Apoptosis is a systematic suicide of cells within an organism during normal morphogenesis, tissue remodeling, and in response to viral infections or other irreparable cell damage. 1, 2 In addition, failure in an apoptosis program often leads to an imbalance in cell number, and some of those abnormalities might lead to tumorigenesis. Based on this concept, control of apoptosis has emerged as an important strategy in cancer chemotherapy.

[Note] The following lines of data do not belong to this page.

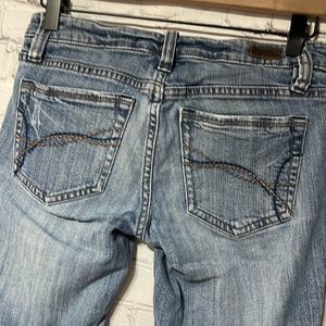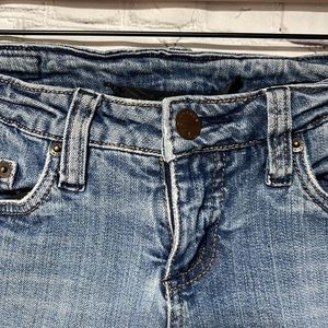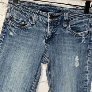 Slight stretch distressed denim straight leg fit. Has been worn and washed and the tag inside is faded ( see photo) but all else in excellent condition. Front features factory distress on both legs and hole as designed on left leg as shown.
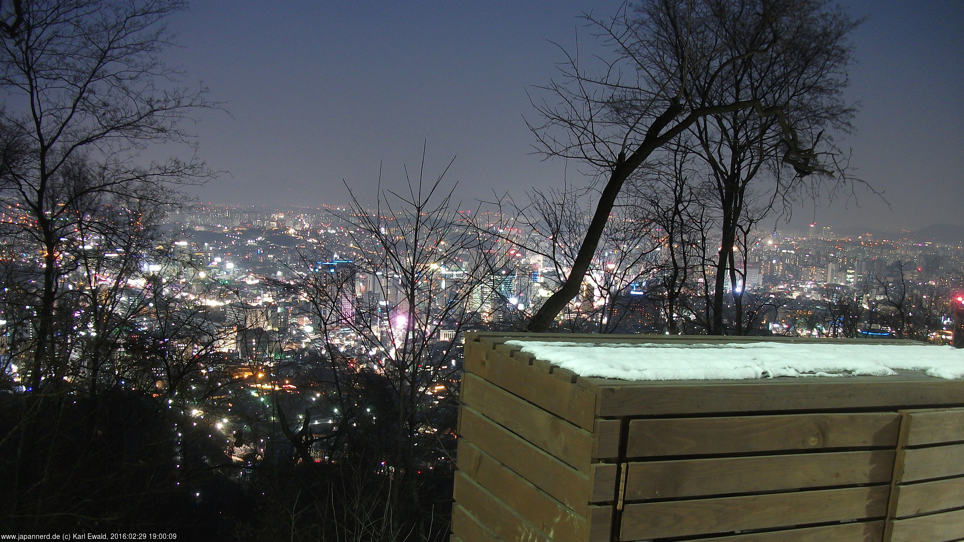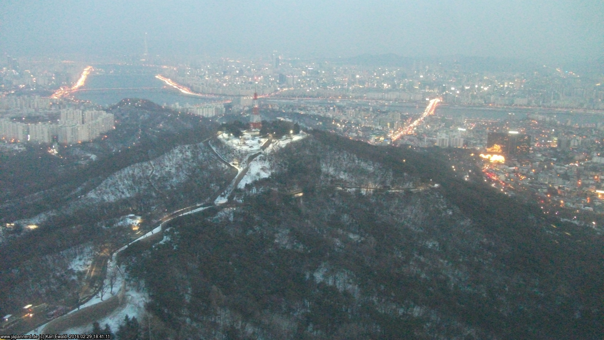 Okay, ich habe den Nacht-Langbelichtungsmodus der Kamera gefunden, es hilft ein wenig. Seoul bei Nacht, hübsch finde ich die Lichterkette entlang des Bergkamms in der Mitte.
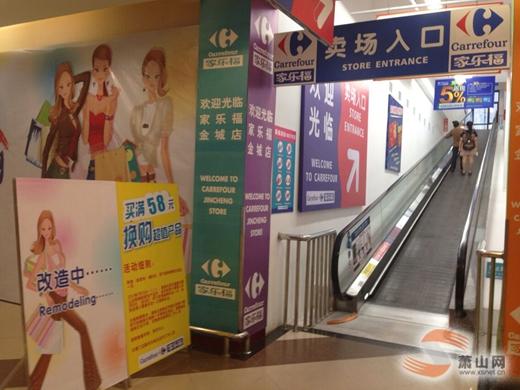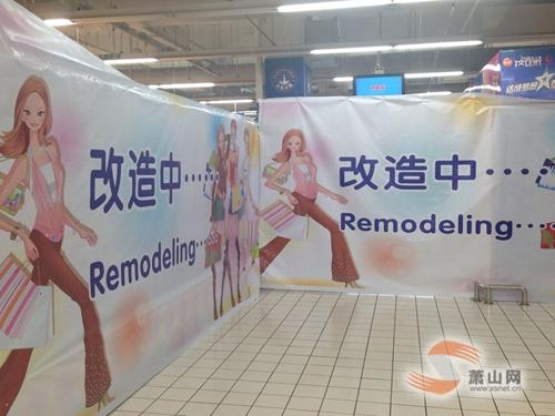 8月21日,記者來到了金城路上的蕭山家樂福超市,仍在正常營業(yè)。在各個電梯口,都擺放著“改造中”的公告牌。隨后記者采訪了超市店長,據(jù)李店長介紹:“我們現(xiàn)在并沒有接到超市要關(guān)門停業(yè)的通知,目前因為業(yè)務(wù)等方面的需要,正在進(jìn)行改造。”至于為什么出現(xiàn)部分貨柜商品空缺的現(xiàn)象,她解釋,這也是改造的一部分,“我們會把部分商品的位置稍作調(diào)整,并不是在清倉處理”。
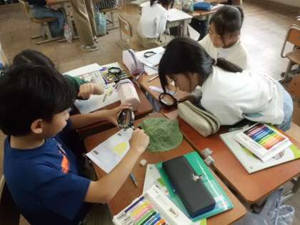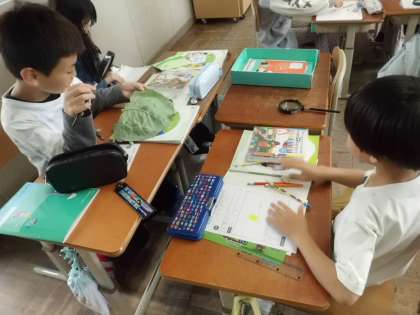 理科の授業の様子です。キャベツの葉に産みつけられたチョウの卵の観察をしています。
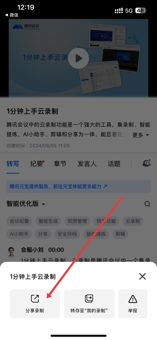 4、錄制文件詳情頁面,可進行分享錄制、轉(zhuǎn)存至我的錄制、舉報等操作,點擊分享錄制,可將文件分享出去。

We recently isolated a novel anticancer drug, cytotrienin A (FIG. 1), that induces apoptosis in human promyelocytic leukemia HL-60 cells. 3, 4 Cytotrienin A induced marked morphologic changes in the cell, including membrane blebbing, cell shrinkage, chromatin condensation, internucleosomal degradation of chromosomal DNA, and fragmentation of the cell into apoptotic bodies. To gain insight into the mode of action of cytotrienin A-induced apoptosis, we performed an in-gel kinase assay using myelin basic protein (MBP) as a substrate and found activation of a kinase with an apparent molecular mass of 36 kD (termed p36 MBP kinase). The dose of cytotrienin A required to activate the p36 MBP kinase was consistent with that required to induce apoptotic DNA fragmentation in HL-60 cells. This p36 MBP kinase was activated with kinetics distinct from the activation of JNK (c-Jun N-terminal kinase)/SAPK (stress-activated protein kinase) and p38 MAPK. By contrast, p36 MBP kinase activation and apoptotic DNA fragmentation were inhibited by antioxidants such as N-acetylcysteine and reduced-form glutathione. The p36 MBP kinase activation was also observed during hydrogen peroxide (H2O2)-induced apoptosis. These results suggest that reactive oxygen species (ROS) including H2O2 play a key role in the activation of p36 MBP kinase and the subsequent apoptotic pathway induced by cytotrienin A.